The system was identified through an airborne magnetic survey as a structure
of interest following the anomalous soil and radon gas geochemical data
overlying it. The fault system itself, and its dip were delineated through an
Ambient Noise Tomography ("ANT") geophysical survey. The fault structure runs
eastward for an apparent 650 m from the Font du Lac Fault in the west, with a
secondary, unnamed, and wholly untested fault structure to the west of the
Font du Lac Fault extending for over 4km, with magnetic characteristics
similar to those of the Rapids Fault Structure. Based on ANT data, the
Rapids Fault System may extend below the unconformity down to 1km (1.2km below
ground level) or more.
The Rapids Fault Structure lacks the traditional graphite, which is spatially
related to the majority of large uranium deposits in the Athabasca Basin(1).

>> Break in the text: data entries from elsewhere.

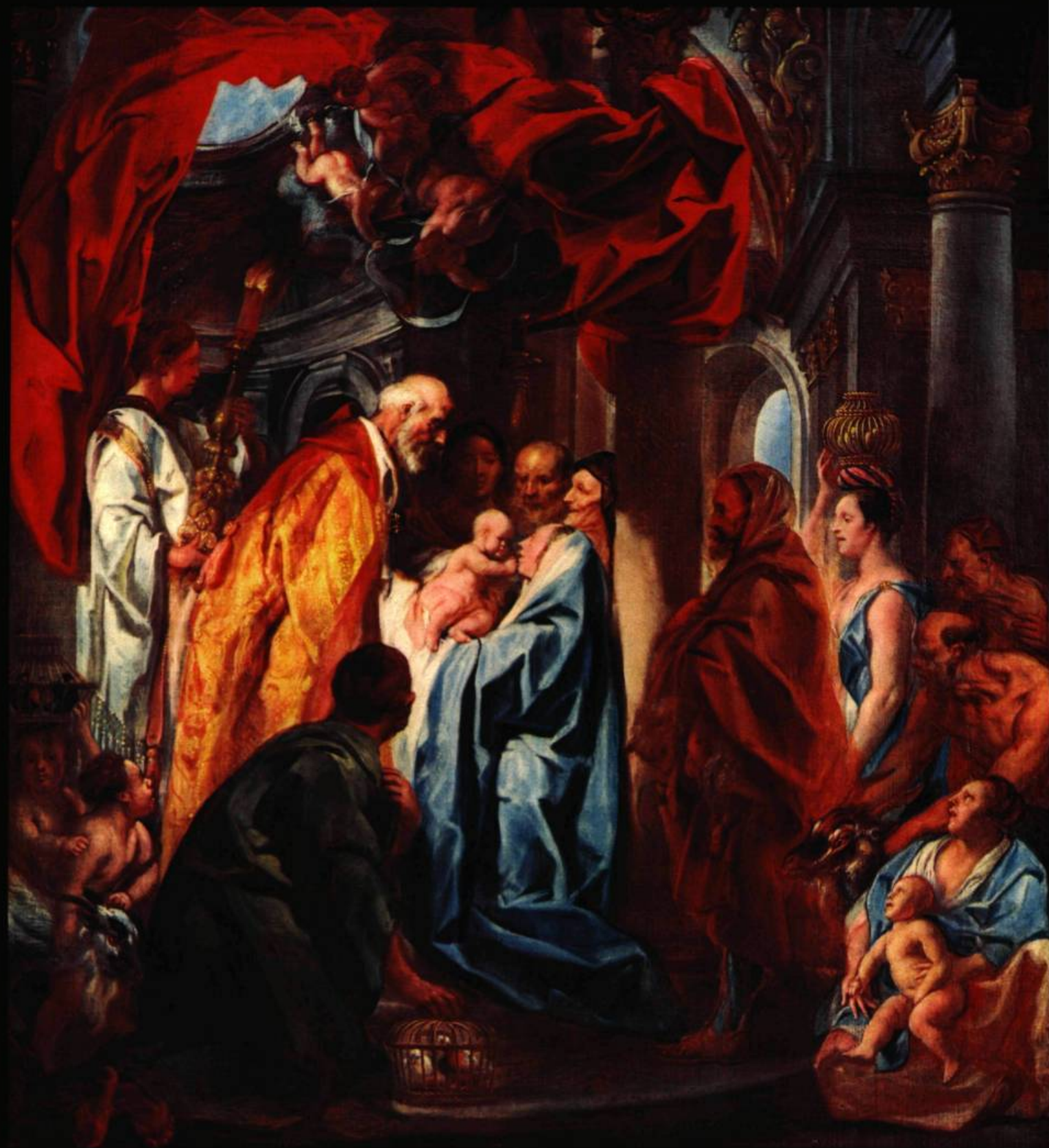
La présentation au Temple, Galerie de l'Université Bob Jones, Greenville, Caroline du Sud, États-Unis.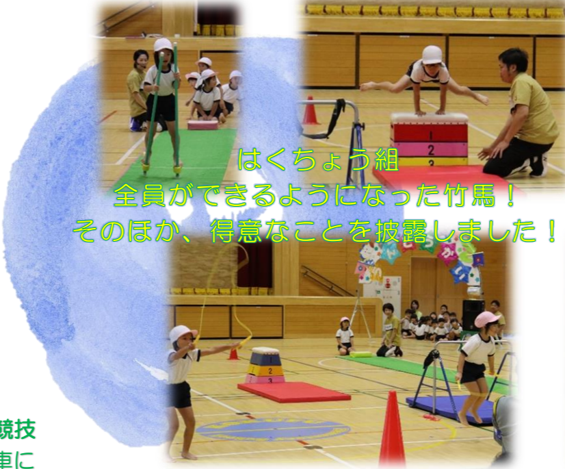
はくちょう組 全員ができるようになった竹馬！ そのほか、得意なことを披露しました！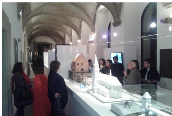
Noční komentovaná prohlídka výstav, Jiřský klášter, Pražský hrad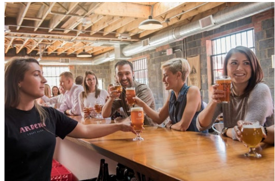
Ardent Craft Ales à Richmond

Direction ouest pour une halte à Richmond , capitale de la Virginie, pour découvrir son industrie florissante de bière artisanale. Située le long de la magnifique rivière James, Richmond allie les commodités des grandes villes au charme chaleureux du sud des États-Unis. Richmond est aussi reconnue pour son abondance de délicieux restaurants en plus de ses attractions culturelles historiques, sa scène artistique dynamique et de nombreuses options pour le magasinage.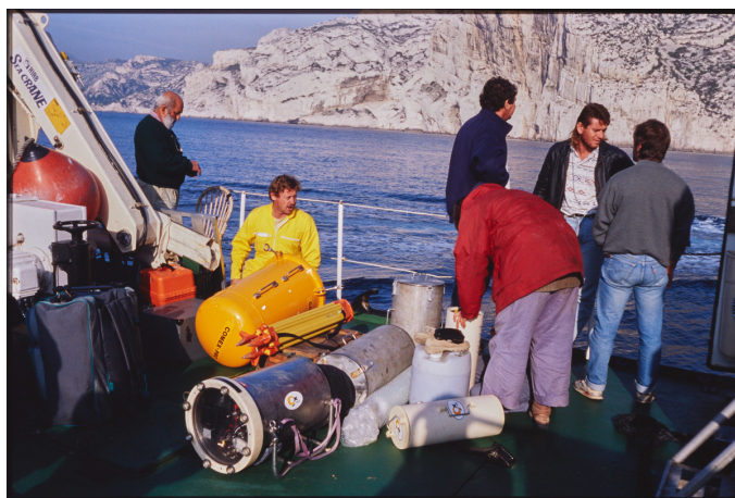
Equipe de la première campagne d'étude de la grotte Cosquer 1994 à bord de l'Archéonaute/DRASSM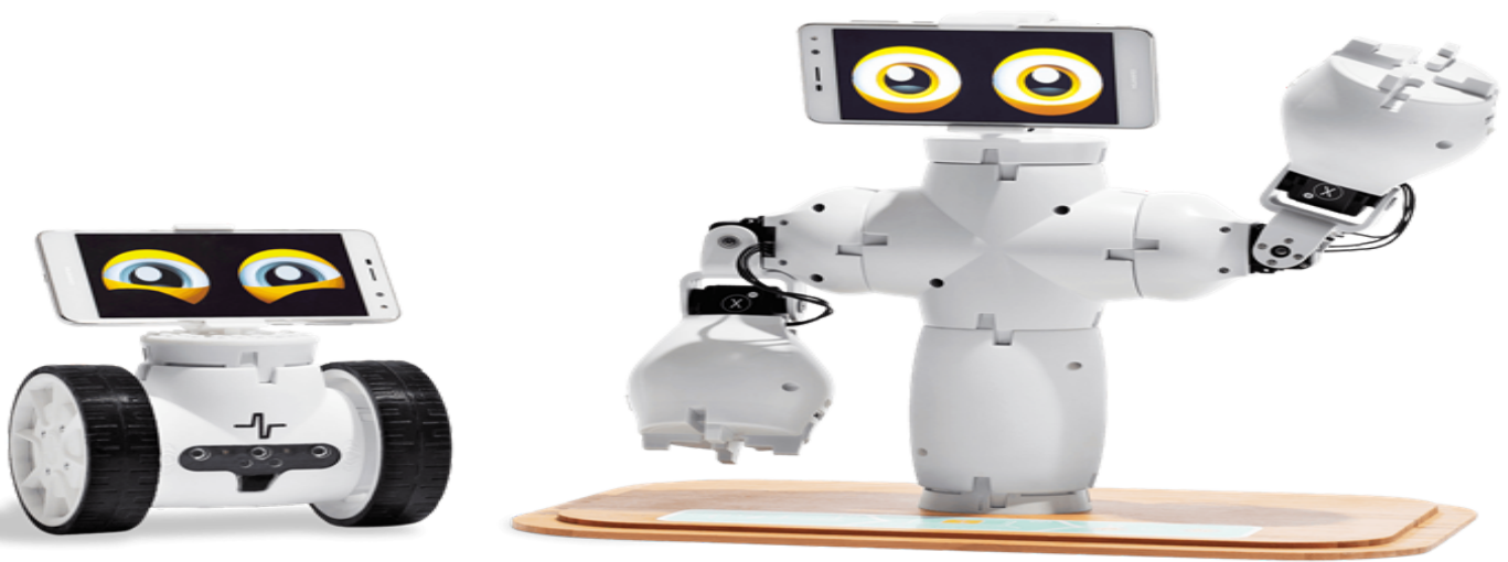
Fable-robotten (til venstre en robot med et hjulmodul og til højre en robot med to ledmoduler)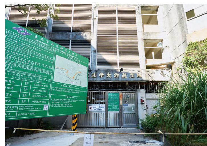
莊敬外舍拆除後，未來將變身為捷運站

未來捷運南環段全線通車後，由政大校園生活圈前往公館商圈，可從35分鐘縮短為19分鐘，從政大前往板橋站也從原先的50分鐘，縮減至30分鐘。不少學生及校友雖對宿舍的拆除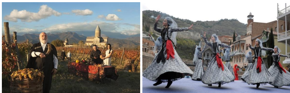
Рисунок 12 - Исторические памятники и национальные праздники Грузии

Пример использования национальной одежды в туристском бизнесе на примере знакомства с национальной культурой, кухней, традициями другой страны рассмотрим Грузию. Народы Грузии всегда славились своим национальной культурой, традициями и замечательной кухней. Грузия богата историческими памятниками и множеством национальных праздников (Мцхетоба-Светицховлоба, Нинооба, Тамароба, Денб Святого Георгия, Тбилисоба, Чиакоконоба и другие). На рисунке 12 представлены некоторые исторические места и праздничные мероприятия проводимые в них, где хорошо видны костюмы участников празднеств.

As inferred from the ANT data, the intersection of the Rapids Fault System
with the unconformity presents an area of complex palaeotopography. Such
structural and topographic features have been widely documented as favourable
sites for the generation of uranium deposits due to their capacity to focus
and control hydrothermal fluid circulation at the unconformity(2).
Notes: Drill collars & trace of the 2025 drilling shown with the location
of the highly anomalous (206)Pb/(204)Pb (207)Pb/(206)Pb ratio results. Major
local faulting, and the extent of the Rapids Zone, an area of highly anomalous
geochemistry in soils determined through fieldwork in 2024 is also marked. No
soil or radon sampling was carried out above the PR25-04A collar location; as
such, geochemical anomalies could exist in this area.

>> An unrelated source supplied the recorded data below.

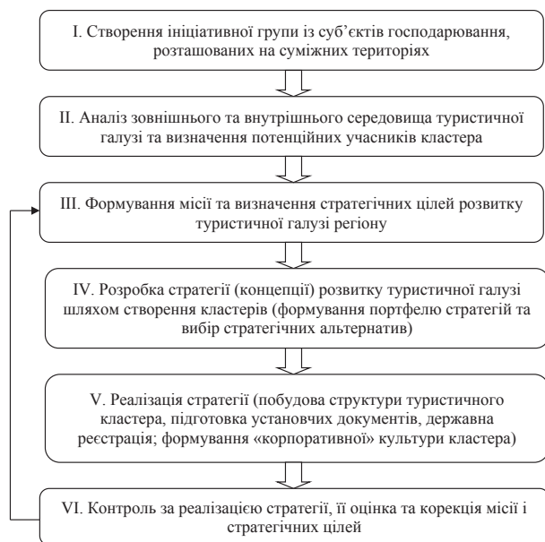
Рис. 1. Схема стратегічного управління регіональним розвитком туризму в рамках кластерного підходу

У рамках створення і розвитку туристичних кластерів стратегічне управління може бути організовано за такою схемою (рис. 1):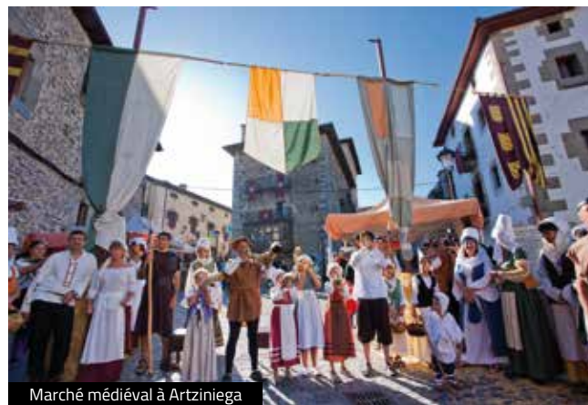
Marché médiéval à Artziniega

Pour accéder à Artziniega depuis Vitoria-Gasteiz, vous devrez d'abord prendre la ligne 15 puis la ligne 16.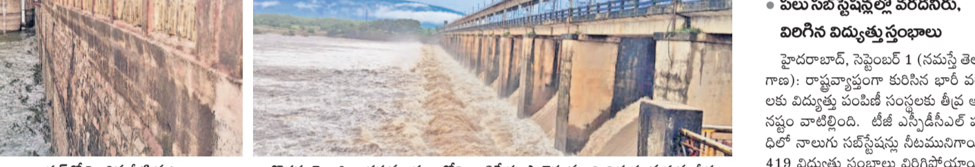
కరీంనగర్ శివారులోని ఎలంపేట రిజర్వాయర్లో పెరిగిన నీటి మట్టం

● శ్రీశైలనికి 4.96 లక్షల క్యూసీక్యులు ● సాగర్ కు 4.83.766 క్యూసీక్యులు హైదరాబాద్, సెప్టెంబర్ 1 (నమస్తే తెలంగాణ): హైదరాబాద్ నగరంలోని వర్షాలతో కృష్ణమ్మ ఉప్పొంగి ప్రమాదాన్ని పాలయ్యింది. అదివారం జారాలకు 3,80,200 క్యూసీక్యులు, శ్రీశైలం ప్రాజెక్టుకు 4.96 లక్షల క్యూసీక్యులు, నాగార్జునసాగర్ కు 4,83,766 క్యూసీక్యులు వరద వచ్చి చేరుతున్నది. గోదావరి టెసిస్ లోని శ్రీరాంసాగర్ ప్రాజెక్టుకు 80,419 క్యూసీక్యులు, కడప ప్రాజెక్టుకు 78 వేల క్యూసీక్యులు ప్రవాహం కొనసాగుతుండగా, ఎల్లంపల్లికి 1.48 లక్షల ప్రవాహం వస్తున్నది. సింగూర్ కు 13,076 క్యూసీక్యులు, నిజాంసాగర్ కు 28,900 క్యూసీక్యులు ఇన్ ఫ్లో నమోదైంది. కాగా భద్రాద్రి కొత్తగూడెం జిల్లాలోని తాలిపేట ప్రాజెక్టుకు వరద పోవడంతో మొత్తం 25 గిట్లకు గాను

Figure 1: Drill Programme Hole Location and Downhole Traces with Surface
Expression of the Rapids Fault System
Sampling Programme
The supplementary drill core sampling was designed to increase sample density
and provide material for a detailed petrological review, thereby refining the
understanding of the Rapids Fault Structure in advance of future exploration
on the property. The sampled intervals included areas which had tested
elevated or anomalous readings for (206/204) Pb Ratio, Phosphorus and Uranium.
This sampling acts to supersede the composite sampling, which was performed
during the drilling on Perch River, and has increased the sampling density on
the interval of interest by over ten times.
A total of 91 samples were collected from PR25_04A, eight samples from PR25_01
and six samples from PR25_05. These 105 samples were analysed for a full
(partial and total leach) chemical suite by SRC GeoAnalytical labs, and Short
Wave Infrared ("SWIR") spectroscopy by Axiom Exploration Group, Saskatoon.
Petrographic analysis was carried out on ten samples, one from PR25_01, eight
from PR25_04A and one from PR25_05 at Saint Mary's University, Halifax.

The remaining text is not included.